Kiedy na Fragrantice przeczytałem, że jest taki konkurs, napisałem maila czy ja mogę wziąć w nim udział, ponieważ nie mam żadnej perfumerii i zajmuję się perfumiarstwem czysto hobbystycznie. Otrzymałem odpowiedź, że owszem każdy może wziąć udział w kategorii Artisan. Popracowałem jeszcze nad składem, zmieniając odrobinę proporcje poszczególnych składników i włożyłem cztery próbki po 2 ml do bombelkowej koperty i wysłałem do Los Angeles. Po miesiącu przyszedł email, że jestem w finale i że potrzebują jeszcze 5 próbek dla sędziów finałowych. Sędziowie nie widzieli flakonów, nie znali nazw, ani nie wiedzieli kto skomponował zapach. Mieli tylko szklane fiolki i zapach. Na tej podstawie podjęli decyzje kto wygrywa. W każdej kategorii były dwa pierwsze miejsca, a reszta po prostu została w finale i wśród nich ja. Wiele osób na tym Evencie gratulowało mi, nawet zwycięzcy, bo tylko ja z grona nie byłem szkolonym perfumiarzem, zaś reszta to profesjonaliści. Kilka osób uznało mój zapach za najlepszy, w tym również polski Ambasador Mariusz Brymora i Grażyna Brymora jego żona, kilku fotografów i artystów z grona osób oglądających. To było bardzo miłe i mam nadzieję, że szczere.

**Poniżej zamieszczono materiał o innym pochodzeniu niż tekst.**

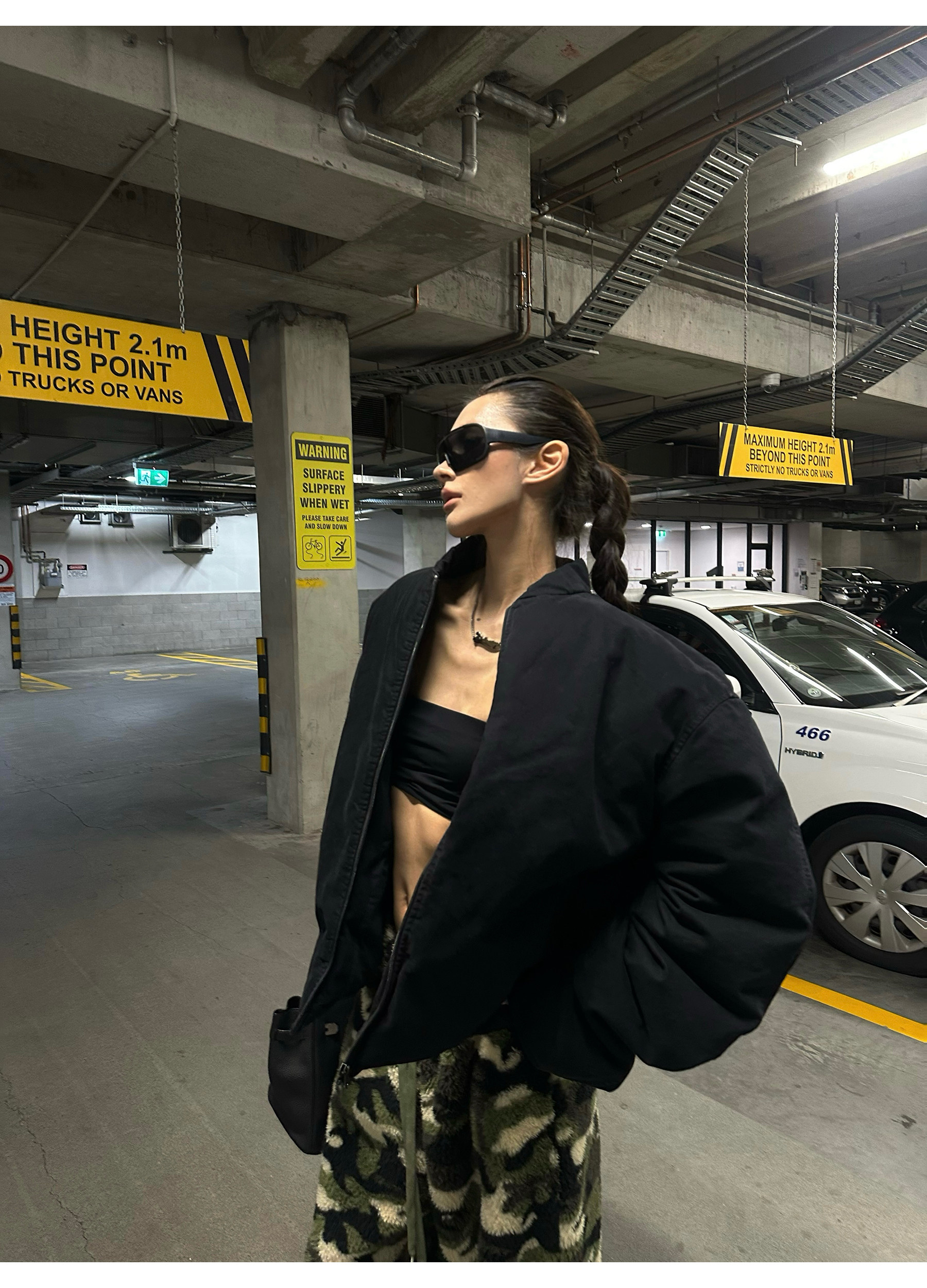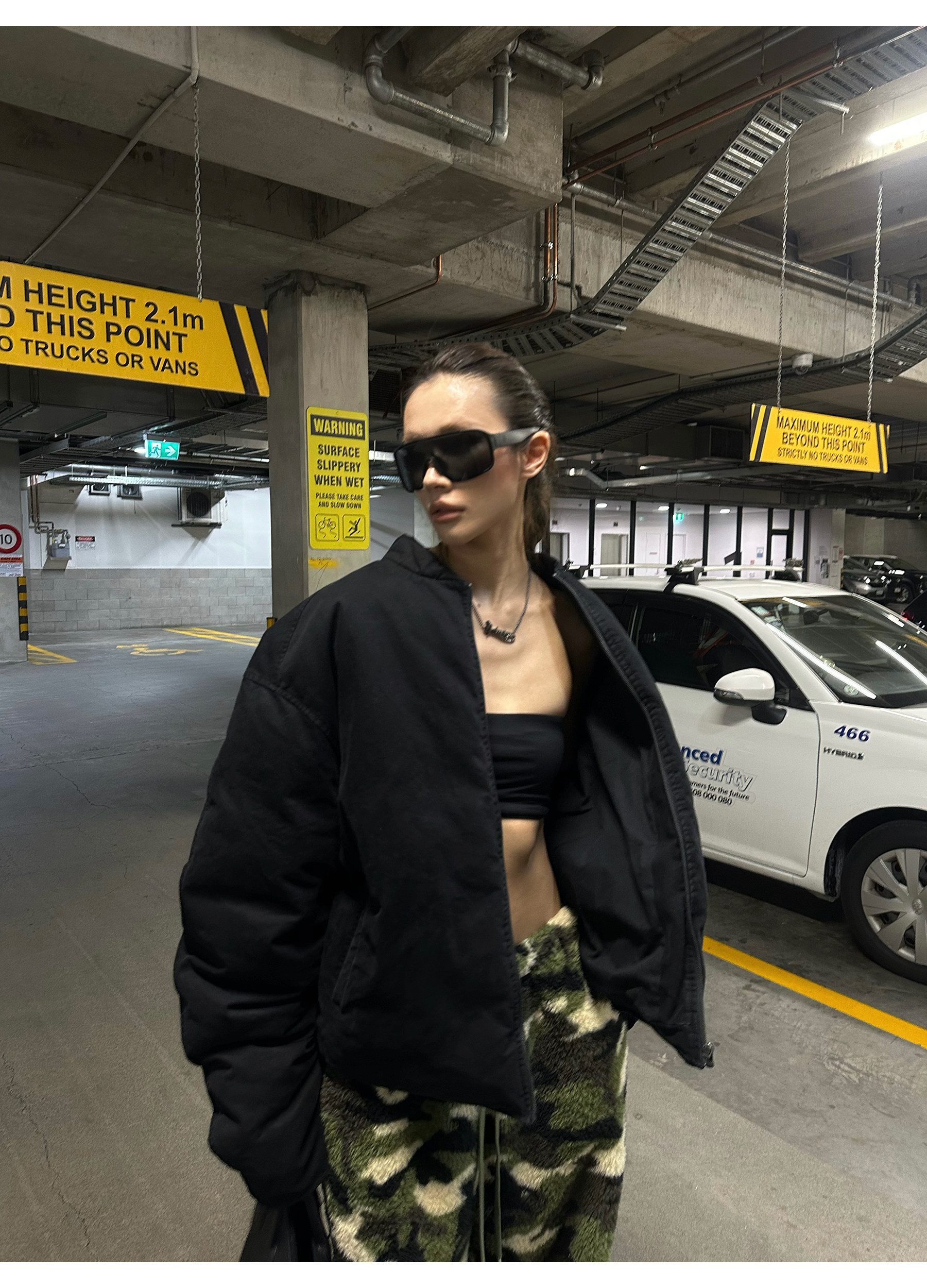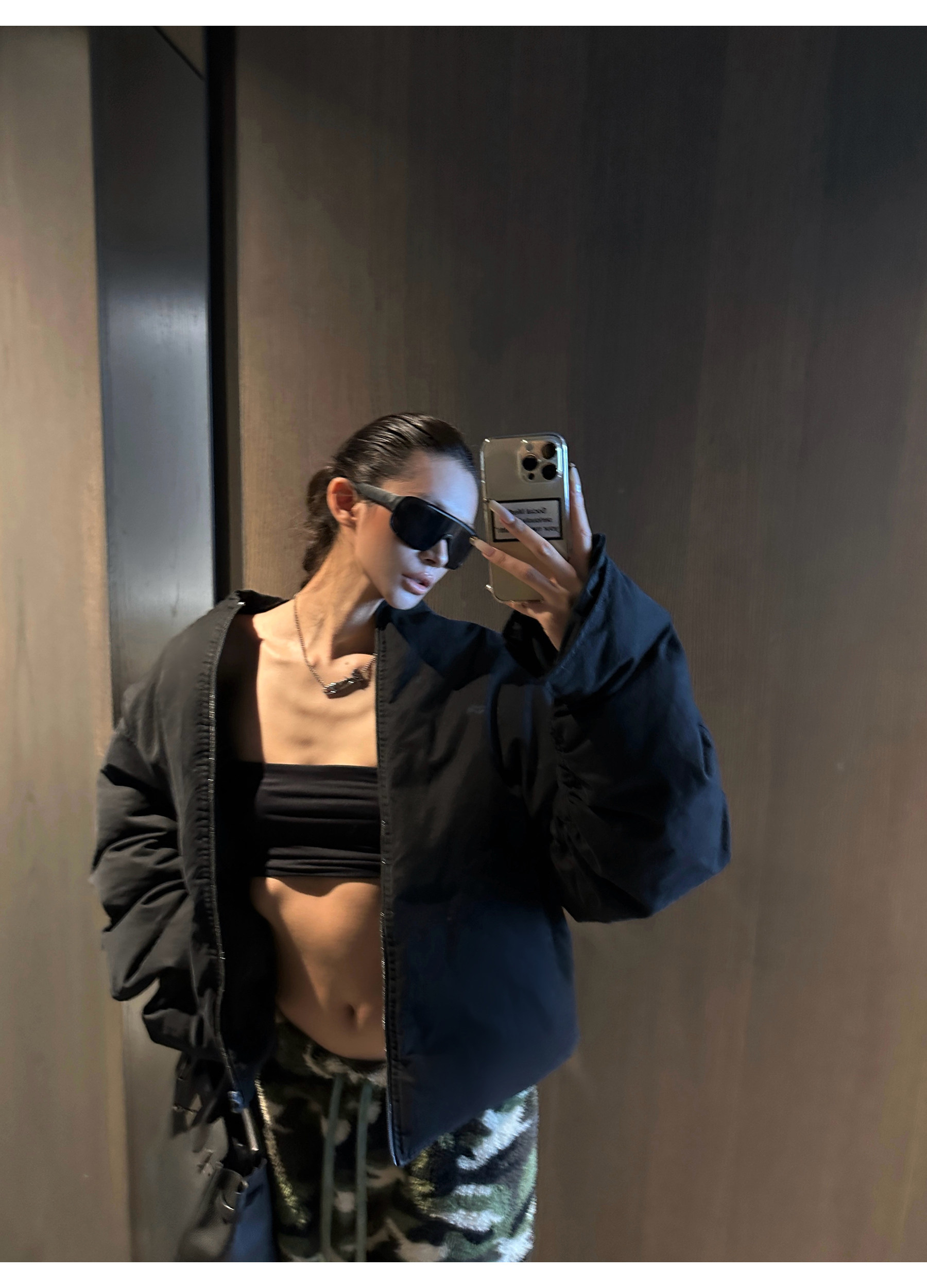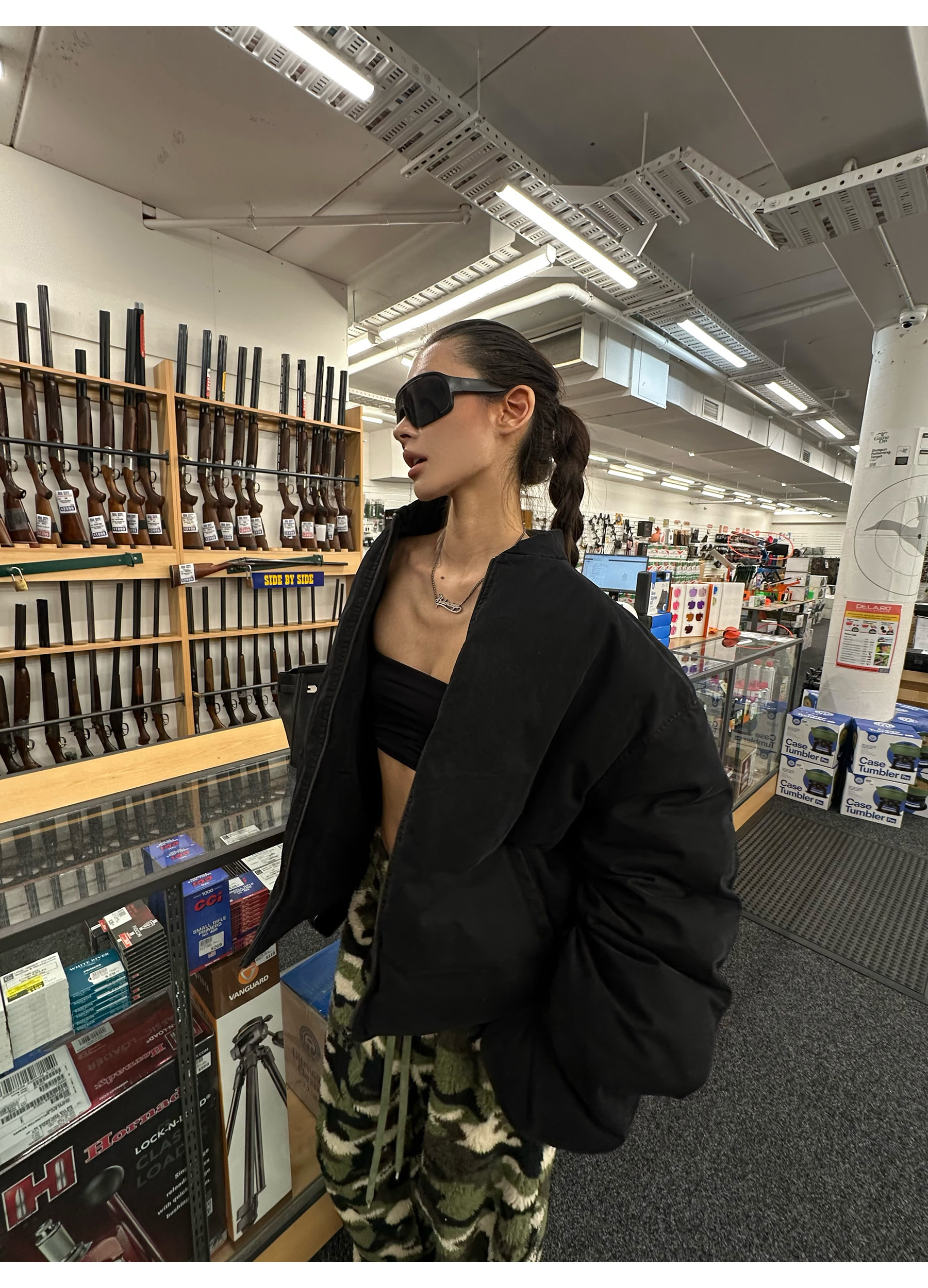 0122Stepll Zero-Degree Rebel Black Short Cotton Jacket for Women, American Retro Style, Loose Fit, Puffer Jacket

W Los Angeles od razu sprzedałem kilka flakonów, a zapach sprzedaje perfumeria Scent Bar z Los Angeles i tylko tam Sensei jest w oferowany, jako wyrób artystyczny. Jeśli chodzi o próbki, to mam jeszcze zapas i chętnie wyślę zainteresowanym gratis. Nie przygotowałem ilości hurtowych Sensei, ponieważ nie żyję z perfumerii, więc w Polsce moge zapach oddać za relatywnie niewielkie pieniądze, w oryginalnym hand made pudełku i trzech koncentracjach. To i tak nie zwróci kosztów flakonów, olejków, wkładu pracy i czasu ale nie rozpatrywałem tego w kategoriach komercyjnych. Ty dostałeś ode mnie wodę toaletową, bo wiele osób uznało, że ta kompozycja, w tej koncentracji po prostu pachnie – zaś w tych pozostałych to raczej ciekawostka na granicy tzw. noszalności. Kiedy dowiedziałem się, że jestem w finale i zapytano mnie czy mogę wysłać flakon żeby mogli jak to określili „poczuć to w ręku” wpadłem w panikę, co ja zrobię.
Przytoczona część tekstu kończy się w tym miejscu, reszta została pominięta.